Квартира Сонечке досталась всего полгода назад от внезапно умершей тетки. Хотя внезапной эта смерть явилась лишь для племянницы, толком не знавшей престарелой родственницы и видевшей ее несколько раз лишь в раннем, пусть и недалеком, детстве. Будучи единственным ребенком в семье и имея дурной нрав, Сонечка быстро выбила из своих уже немолодых родителей согласие на отдельное проживание. Не для таких отношений рожала долгожданную дочь Клавдия Семеновна, отдавая ей здоровье, ласку и все то, о чем Сонечка просила, а чаще требовала. Но слепая материнская любовь сыграла с Клавдией Семеновной злую шутку. Её дочь с возрастом проявляла все большую эгоистичность, маниакальную зависть и немотивированную злобу. Когда Соне исполнилось девять, тяжело заболела близкая подруга Клавдии. Работая вместе на одной швейной фабрике, женщины давно сдружились, делясь друг с другом радостями и бедами. Случилось так, что Раиса Комарова, одна воспитывавшая сына Диму, в одночасье попала в больницу, где ей предстояла операция и, при удачном исходе, полугодовая реабилитация. Дима был старше Сонечки на пять лет и отличался завидной серьезностью и покладистым характером.

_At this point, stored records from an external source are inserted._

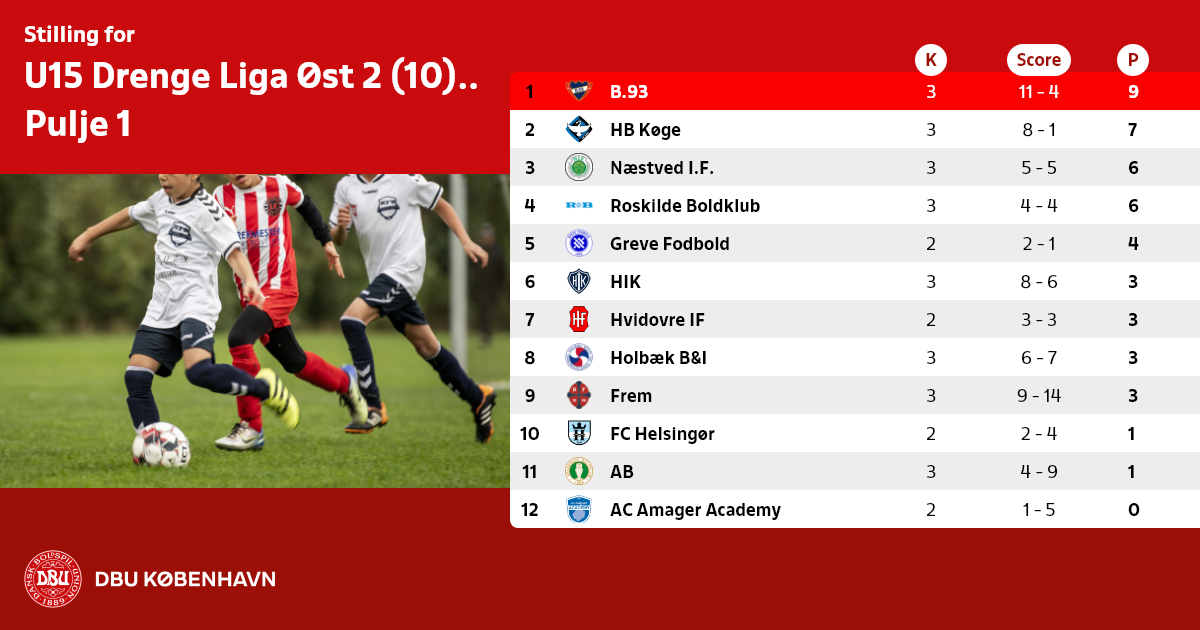 U15 Drenge Liga Øst 2 (10) Forår, Pulje 1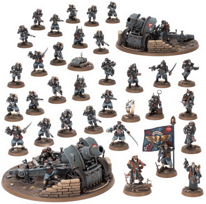 - матеріали для складання 35 мініатюр Astra Militarum (з відповідною підставкою для кожної з них);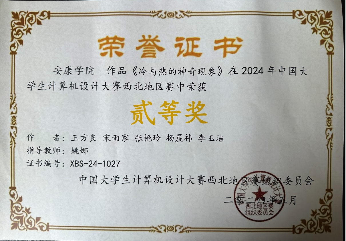 近日,在2024年中国老员工计算机设计大赛西北赛区中,依托太阳成tyc122cc集团科研平台,大力宣传科普知识,公司多名同学荣获省级奖项,取得了优异的成绩。其中,获得二等奖四项,三等奖两项。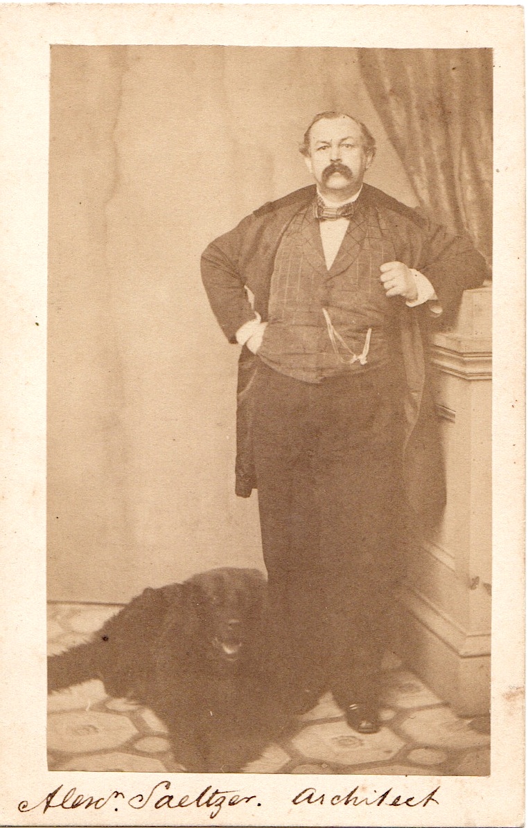 I checked Green-Wood’s online Burial Search database–and up popped information that an individual with that same name–Alexander Saeltzer–had been interred at Green-Wood on September 26, 1883. Was he the architect Alexander Saeltzer? I could not find the architect’s year of birth or death on the Internet. However, according to Green-Wood’s records, the Alexander Saeltzer interred there was a native of Saxony (a part of Germany) who died on September 23, 1883, at the age of 69. Germany was a match for the architect. And, given these dates, the individual at Green-Wood was likely born in 1814. I checked an 1850 guide to New York City–based on information there, it appears that the architect was born around 1820. That seemed like a pretty good match. Looking at the photograph, a carte de visite which, given the era of the popularity of that size photograph, probably dates from the early 1860s, I thought the individual in the photograph looks like he was about 45 years old when the photograph was taken. Taking the date of the photograph as about 1862, that would give him a birth year of about 1817. So the year of birth of the architect and that of the man of the same name who is interred at Green-Wood seemed to be consistent with each other. I also found a passenger and immigration list from August 6, 1842, listing Alexander Saeltzer as 28 years old and traveling on the ship Meta from Bremen to New York City. That age matches the 1814 birth year for the Alexander Saeltzer as Green-Wood. Another record indicates that an Alexander Saeltzer became a naturalized citizen in New York City on May 22, 1855.

Когда Клавдия Семеновна пришла к подруге в предоперационную палату со словами утешения и напутствия, Раиса сжала горячими ладонями руку подруги и быстро зашептала, ловя воспаленными от слёз глазами взгляд сидящей рядом женщины:
— Клавочка, милая! Только ты у меня осталась, некого мне просить. Не знаю, буду ли жива, это одному богу ведомо… — она остановила жестом, всхлипнувшую было, Клаву, — Не говори ничего! Об одном прошу тебя, дорогая, возьми Диму к себе. Я знаю, Коля твой не будет против. Квартирку я на сына записала. Когда подрастет, тебя стеснять не будет. А пока ты ее сдавай. В домоуправление сходи, к Люсе Самойловой, она поможет, совет даст. Вот тут, — она порылась под тощей больничной подушкой, — я написала, что хочу, мол, чтобы ты, Клава, стала моему сыну Дмитрию опекуном. Мне и Василий Васильевич, наш главврач, подписал. Не знаю только, правильно ли оформила… — она протянула сложенный вчетверо лист бумаги и, взяв с тумбочки стакан, стала жадно глотать теплую, пахнущую хлоркой, больничную воду.